= Cottage by the Lee =

Song written by Dick Farrelly

1950s sheet music front cover of "Cottage by the Lee"

"Cottage by the Lee" is a song written by Irish songwriter Dick Farrelly. It was composed in the early 1950s and is published by Waltons Music Publishing in Dublin, Ireland.

The song was originally recorded on the Waltons Glenside record label by the Irish tenor and actor Joe Lynch for whom it became a hit. "Cottage by the Lee" was one of the most featured songs for many years on the Waltons music programme which always finished with one of the most remembered sentences in Irish music - "And remember, if you feel like singing, do sing an Irish song".

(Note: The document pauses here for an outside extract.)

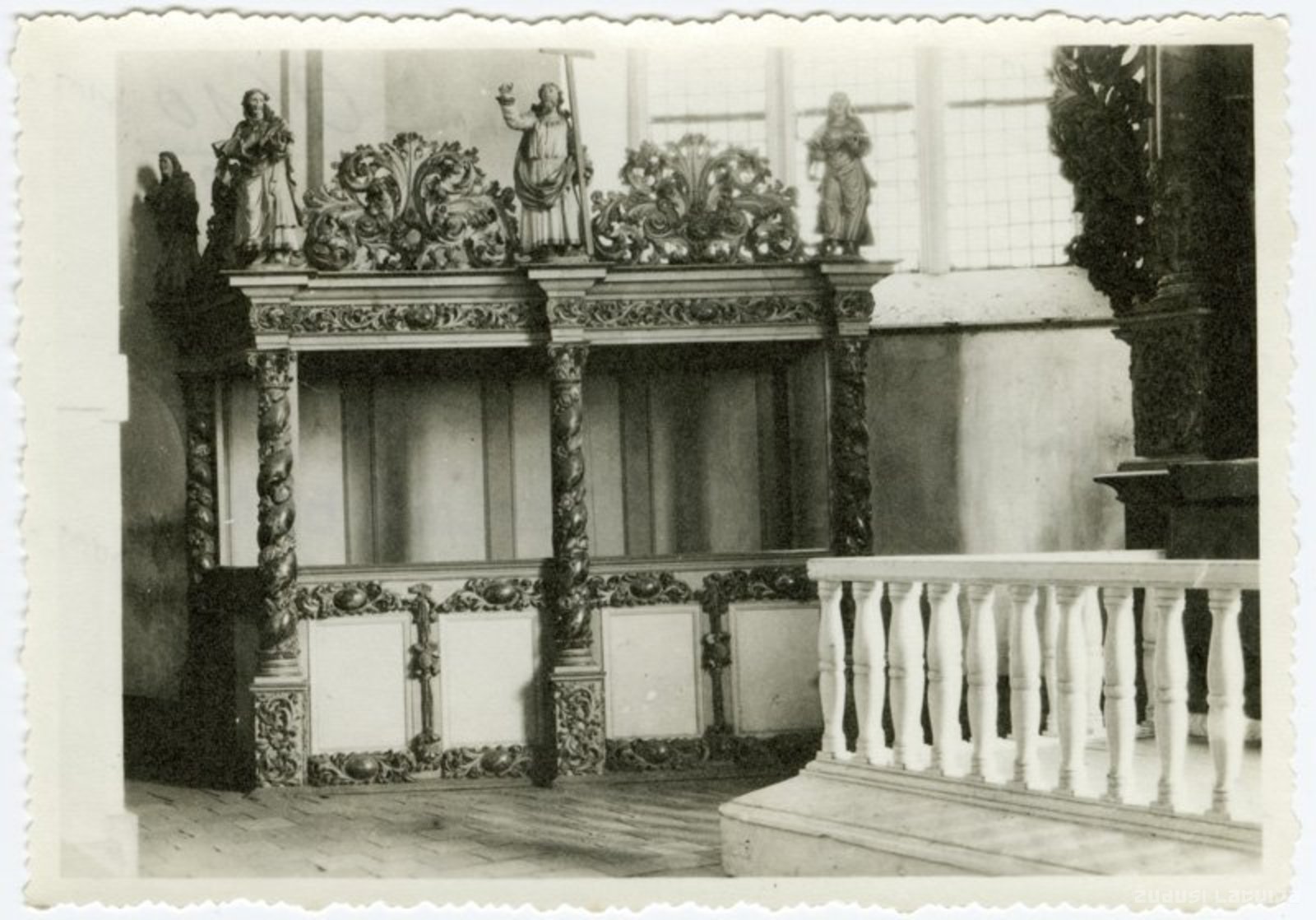 akanta vītnēm veidotiem medaljoniem. Ar barokāliem ornamentāliem un skulpturāliem kokgriezumiem visbagātāk greznota biktskameras dzega, kuru rotā kupli akanta vijumi, frīze un apaļskulptūras

Dick Farrelly is best remembered for his song, "Isle of Innisfree" which was a worldwide hit for Bing Crosby in 1952, and was also chosen by director John Ford as the main theme music for his film, The Quiet Man.

==Other recordings==
Some of the artists who have recorded "Cottage by the Lee" include:
- Daniel O'Donnell on Moon Over Ireland (2011)
- Sinead Stone & Gerard Farrelly (Dick's son) on Legacy of a Quiet Man, an album of Dick Farrelly songs.
- Larry Cunningham, Glen Curtin, Joe Cuddy, Diarmuid O'Leary & The Bards, Bridie Gallagher, Jimmy Crowley, Donie Carroll.